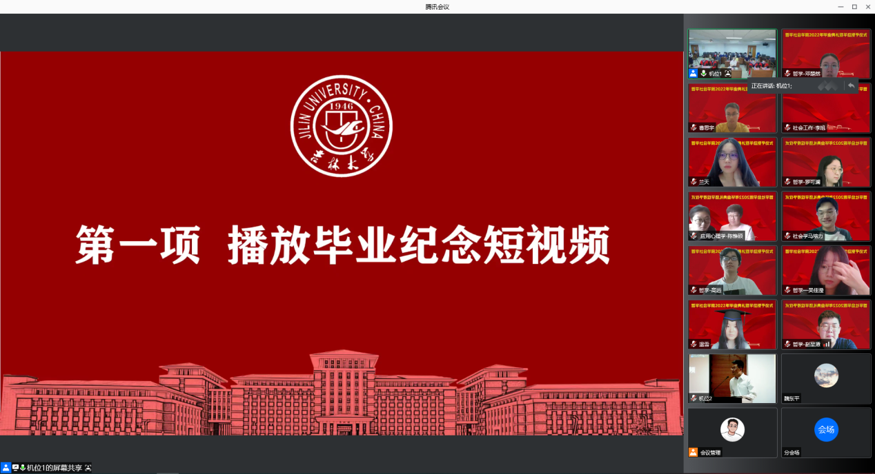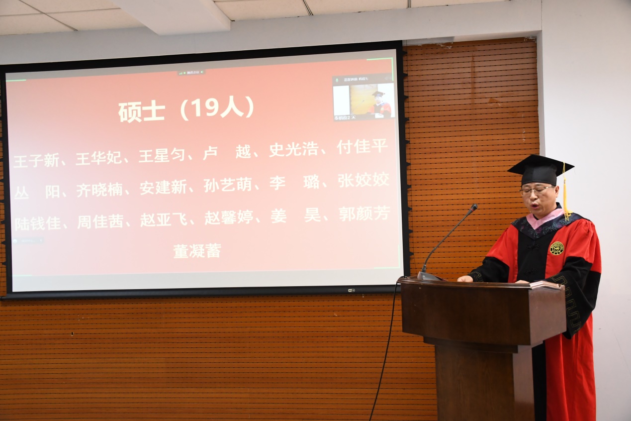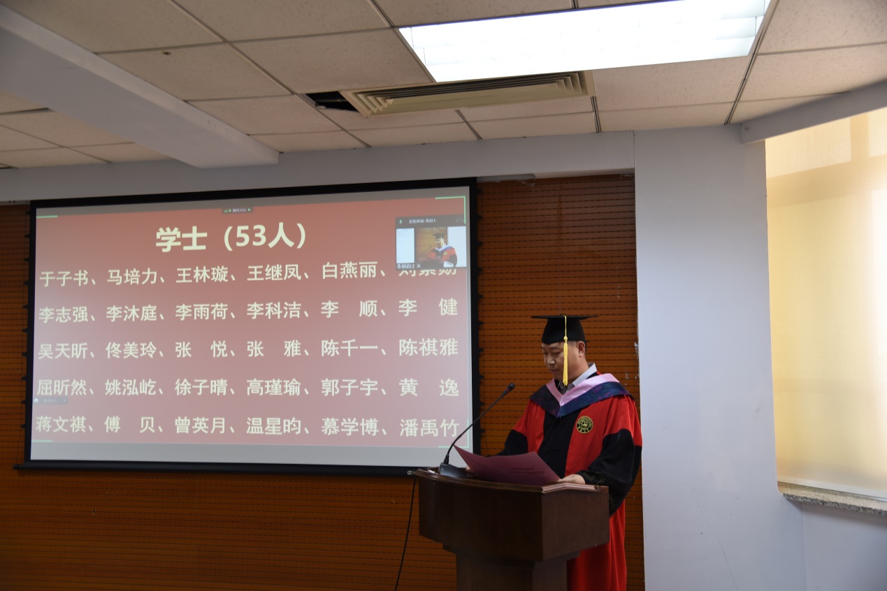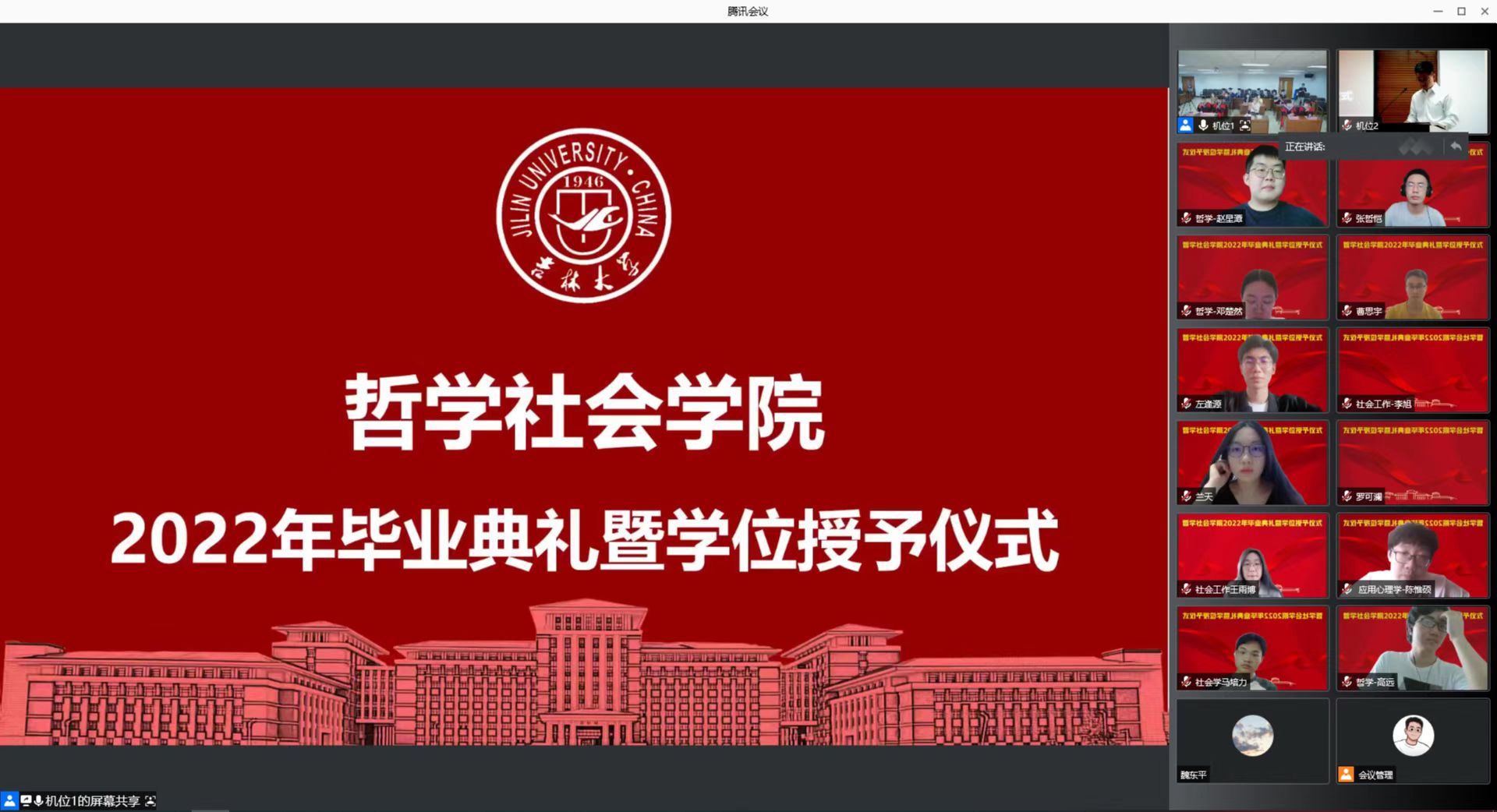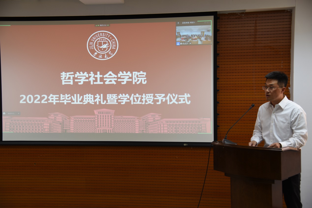 bv伟德国际1946官网经理田毅鹏、党委副书记赵洁、党委副书记兼副经理刘培强、副经理曲红梅、副经理芦恒、副经理王福生、哲学系副系主任高超、社会学系主任董运生、心理学系主任张彦彦、劳动与社会保障系主任董才生、公司教师代表社会学系教工党支部书记吴海琳,以及部分毕业生代表现场参加了典礼。同时,部分教师、全体毕业生通过线上会议的方式参加了典礼。典礼由公司党委副书记兼副经理刘培强主持。
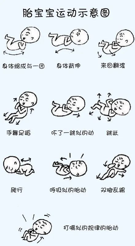 最后一种是宝宝有节律的蠕动,常常是打嗝的表现。前两种要计数在胎动之内,而第三种不计数在胎动之内。
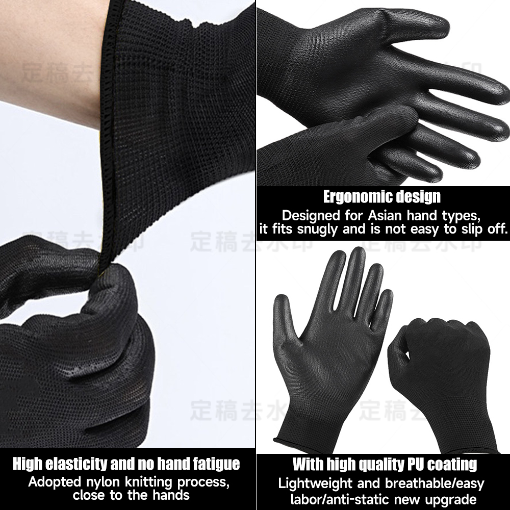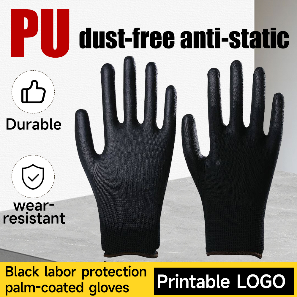 Black PU Coated Palm Gloves, Dust-Free, Anti-Static Coated Work Gloves for Electronics Factories, Wholesale Black and Gray Coated Palm Gloves
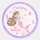 Sticker Rond Mermaid Brown Cheveux Mer Créatures Violet Anniver
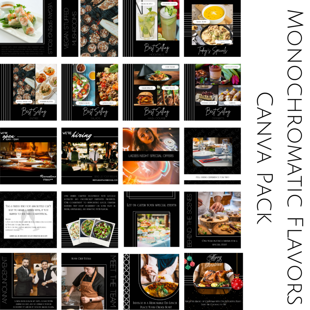 Introducing our captivating Monochromatic Flavors Canva Pack designed exclusively for restaurants!
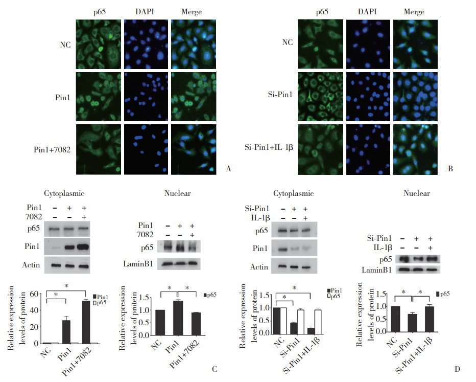 1.2.2 Pin1的siRNA构建、转染及分组Pin1的siRNA,靶序列5’-CATTTGAAGACGCCTCGTT-3’;正义链5’-CAUUUGAAGACGCCUCGUUdTdT-3’;反义链3’-dTdTGUAAACUUCUGCGGAGCAA-5’。细胞接种于6孔板中,在含10%小牛血清培养基中生长至60%~80%融合。采用脂质体转染法,按照脂质体说明书操作。Pin1过表达分为3组:转染pcDNA3.1组(NC组)、转染pcDNA3.1-Pin1组(Pin1组)、转染pcDNA3.1-Pin1后加NF-κB/p65抑制剂(BAY11-7082)组(Pin1+7082组)。Pin1干扰分为3组:转染阴性对照组(NC组)、转染siRNA组(Si-Pin1组)、转染siRNA后加NF-κB/p65激活剂(IL-1β)组(Si-Pin1+IL-1β组)。

════════

• **Task description**
Each record should be quoted exactly, with the images omitted.

• **Exercise solution**
 bv伟德国际1946官网经理田毅鹏、党委副书记赵洁、党委副书记兼副经理刘培强、副经理曲红梅、副经理芦恒、副经理王福生、哲学系副系主任高超、社会学系主任董运生、心理学系主任张彦彦、劳动与社会保障系主任董才生、公司教师代表社会学系教工党支部书记吴海琳,以及部分毕业生代表现场参加了典礼。同时,部分教师、全体毕业生通过线上会议的方式参加了典礼。典礼由公司党委副书记兼副经理刘培强主持。
 最后一种是宝宝有节律的蠕动,常常是打嗝的表现。前两种要计数在胎动之内,而第三种不计数在胎动之内。
 Black PU Coated Palm Gloves, Dust-Free, Anti-Static Coated Work Gloves for Electronics Factories, Wholesale Black and Gray Coated Palm Gloves
 Sticker Rond Mermaid Brown Cheveux Mer Créatures Violet Anniver
 Introducing our captivating Monochromatic Flavors Canva Pack designed exclusively for restaurants!
 1.2.2 Pin1的siRNA构建、转染及分组Pin1的siRNA,靶序列5’-CATTTGAAGACGCCTCGTT-3’;正义链5’-CAUUUGAAGACGCCUCGUUdTdT-3’;反义链3’-dTdTGUAAACUUCUGCGGAGCAA-5’。细胞接种于6孔板中,在含10%小牛血清培养基中生长至60%~80%融合。采用脂质体转染法,按照脂质体说明书操作。Pin1过表达分为3组:转染pcDNA3.1组(NC组)、转染pcDNA3.1-Pin1组(Pin1组)、转染pcDNA3.1-Pin1后加NF-κB/p65抑制剂(BAY11-7082)组(Pin1+7082组)。Pin1干扰分为3组:转染阴性对照组(NC组)、转染siRNA组(Si-Pin1组)、转染siRNA后加NF-κB/p65激活剂(IL-1β)组(Si-Pin1+IL-1β组)。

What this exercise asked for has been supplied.